Sets are data structures that implement operations from their mathematical definition: they contain unique elements in no particular order. The following are routines common to set implementations.

  • insert(a)

    Inserts element a into the set.

  • has(a)

    Returns True if the set contains a, and False otherwise.

  • remove(a)

    Removes element a from the set.

  • union(A,B)

    Returns a set that contains elements either in set A or set B.

  • intersection(A,B)

    Returns a set that contains elements in both set A and set B.

  • set_minus(A,B)

    Returns a set that contains elements in set A that are not in set B.

Binary search tree implementation

If there is an ordering among elements, then one of the best implementations for a set is a binary tree. This means that insert, has and remove would all take \(O(\log n)\) time, which is very efficient (typically, it is difficult for one of these operations to be performed in constant time without having another require linear time).

The last three functions are operations performed on sets themselves. Because binary trees can be merged in an efficient manner, these operations can be done very efficiently. For example, it is relatively simple to generate an ordered array of elements in the union by performing a merge operation on the in-order tree traversals of both trees. From there, initializing a new binary search tree from a sorted array takes linear time. All three operations can be done in \(O(m+n)\) time using a similar technique, where \(m\) and \(n\) indicate the sizes of the two sets.

Associative arrays

Sometimes, there are elements that are expressed as key-value pairs. A key is a unique identifier for the element. If the elements being added are complex objects, the key is used to search for the element inside a container data structure. This is the premise behind associative arrays. The following are the operations that an associative array would efficiently perform.

  • insert(key,val)

    Inserts an element using key as a key and val as the implicit value.

  • get(key)

    Returns the value associated with key. Throws an exception if there is no key-value pair in the associative array.

  • remove(key)

    Removes the associated key-value pair from the associative array. Throws an exception if no such pair exists.

Hash table implementation

One of the most common ways to implement this is by using a hash table. Some hash function so that keys are mapped to integers called table indices. Usually, the domain of possible keys is larger than the range of possible indices, so there would be entire sets of keys that would map to the same index. The index corresponds to some location in memory with a smaller dynamic array.

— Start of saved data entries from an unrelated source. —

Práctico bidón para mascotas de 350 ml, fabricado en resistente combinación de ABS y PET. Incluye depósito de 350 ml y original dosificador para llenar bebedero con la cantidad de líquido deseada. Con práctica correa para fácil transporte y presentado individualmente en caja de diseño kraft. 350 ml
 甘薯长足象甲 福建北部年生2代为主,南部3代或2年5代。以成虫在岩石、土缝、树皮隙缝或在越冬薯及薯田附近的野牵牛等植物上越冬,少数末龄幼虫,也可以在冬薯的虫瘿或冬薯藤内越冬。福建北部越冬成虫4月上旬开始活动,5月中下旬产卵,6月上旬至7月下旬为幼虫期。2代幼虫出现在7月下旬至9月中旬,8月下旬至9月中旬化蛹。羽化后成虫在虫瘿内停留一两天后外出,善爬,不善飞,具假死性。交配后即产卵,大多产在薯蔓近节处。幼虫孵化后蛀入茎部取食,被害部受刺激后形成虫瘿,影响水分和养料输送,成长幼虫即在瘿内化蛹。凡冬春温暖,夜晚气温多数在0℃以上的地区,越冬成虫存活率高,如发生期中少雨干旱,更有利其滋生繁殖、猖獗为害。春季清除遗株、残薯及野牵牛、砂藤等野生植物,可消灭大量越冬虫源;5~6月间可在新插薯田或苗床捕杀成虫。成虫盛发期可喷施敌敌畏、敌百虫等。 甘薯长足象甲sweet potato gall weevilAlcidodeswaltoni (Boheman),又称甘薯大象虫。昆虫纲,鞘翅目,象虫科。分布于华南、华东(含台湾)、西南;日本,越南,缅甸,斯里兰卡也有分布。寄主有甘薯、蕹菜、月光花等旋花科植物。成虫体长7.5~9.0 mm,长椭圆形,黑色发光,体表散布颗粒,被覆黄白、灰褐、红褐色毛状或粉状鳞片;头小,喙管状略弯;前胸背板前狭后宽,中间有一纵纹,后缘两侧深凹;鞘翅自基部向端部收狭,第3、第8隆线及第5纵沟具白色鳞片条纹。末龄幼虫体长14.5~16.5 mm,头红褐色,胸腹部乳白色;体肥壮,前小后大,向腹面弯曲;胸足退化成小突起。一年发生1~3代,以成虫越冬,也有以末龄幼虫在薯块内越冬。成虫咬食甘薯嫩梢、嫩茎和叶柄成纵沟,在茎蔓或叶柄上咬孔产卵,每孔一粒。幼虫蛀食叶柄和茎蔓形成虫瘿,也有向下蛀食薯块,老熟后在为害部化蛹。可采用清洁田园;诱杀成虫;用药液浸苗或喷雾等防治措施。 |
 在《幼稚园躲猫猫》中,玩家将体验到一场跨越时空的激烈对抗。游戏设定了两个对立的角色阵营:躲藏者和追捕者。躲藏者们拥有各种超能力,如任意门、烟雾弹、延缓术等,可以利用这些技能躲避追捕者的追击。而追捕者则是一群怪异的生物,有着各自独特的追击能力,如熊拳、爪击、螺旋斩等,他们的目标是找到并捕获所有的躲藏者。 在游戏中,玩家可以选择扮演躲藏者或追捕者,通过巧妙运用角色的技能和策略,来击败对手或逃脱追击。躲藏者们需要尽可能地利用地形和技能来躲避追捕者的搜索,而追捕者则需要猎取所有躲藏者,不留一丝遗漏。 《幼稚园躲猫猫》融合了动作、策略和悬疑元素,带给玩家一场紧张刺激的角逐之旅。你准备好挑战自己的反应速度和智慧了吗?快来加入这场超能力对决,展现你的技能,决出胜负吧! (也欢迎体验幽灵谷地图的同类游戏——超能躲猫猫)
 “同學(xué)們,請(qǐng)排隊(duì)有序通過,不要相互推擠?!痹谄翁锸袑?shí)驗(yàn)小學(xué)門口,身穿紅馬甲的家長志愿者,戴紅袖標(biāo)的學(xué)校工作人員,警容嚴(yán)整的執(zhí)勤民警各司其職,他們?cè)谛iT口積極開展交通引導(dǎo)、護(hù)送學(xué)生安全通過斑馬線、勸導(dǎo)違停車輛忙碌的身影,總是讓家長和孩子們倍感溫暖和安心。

Suppose we want to store the key-value pair ('Steele','red'). We find the correct index by evaluating hash_function('Steele'), and then append the key-value pair to the end of the smaller array. The functions get('Steele') and remove('Steele') would work in a similar way.

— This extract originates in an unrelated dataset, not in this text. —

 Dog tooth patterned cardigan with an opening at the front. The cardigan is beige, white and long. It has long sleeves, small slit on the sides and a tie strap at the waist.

Analyzing the complexity of this implementation requires some nuance. At the end of the day, we are performing search and remove operations on an unordered array, which takes a linear amount of time with respect to its size. However, the goal is to choose a hash function so that these hash collisions are minimal, making the smaller arrays sufficiently small. In the worst-case scenario, the added key-value pairs have keys that all map to the same index. Therefore, the worst case scenario has get(key) and remove(key) taking \(O(n)\) time.

But this is a pessimistic analysis. The hash functions are strategically chosen to minimize the likelihood of this occurrence. In the average-case scenario, the lengths of the smaller arrays are independent of the total number of key-value pairs in the hash table. Therefore, in an average-case setting, all of the desired operations take \(O(1)\) time.

Binary search tree implementation

If the keys can be ordered, another approach is to use a self-balancing binary search tree. There, each key-value pair would be a node in the tree. The worst-case scenario analysis indicates that all three desired operations would take \(O(\log n)\) time (this is true for the average-case scenario as well).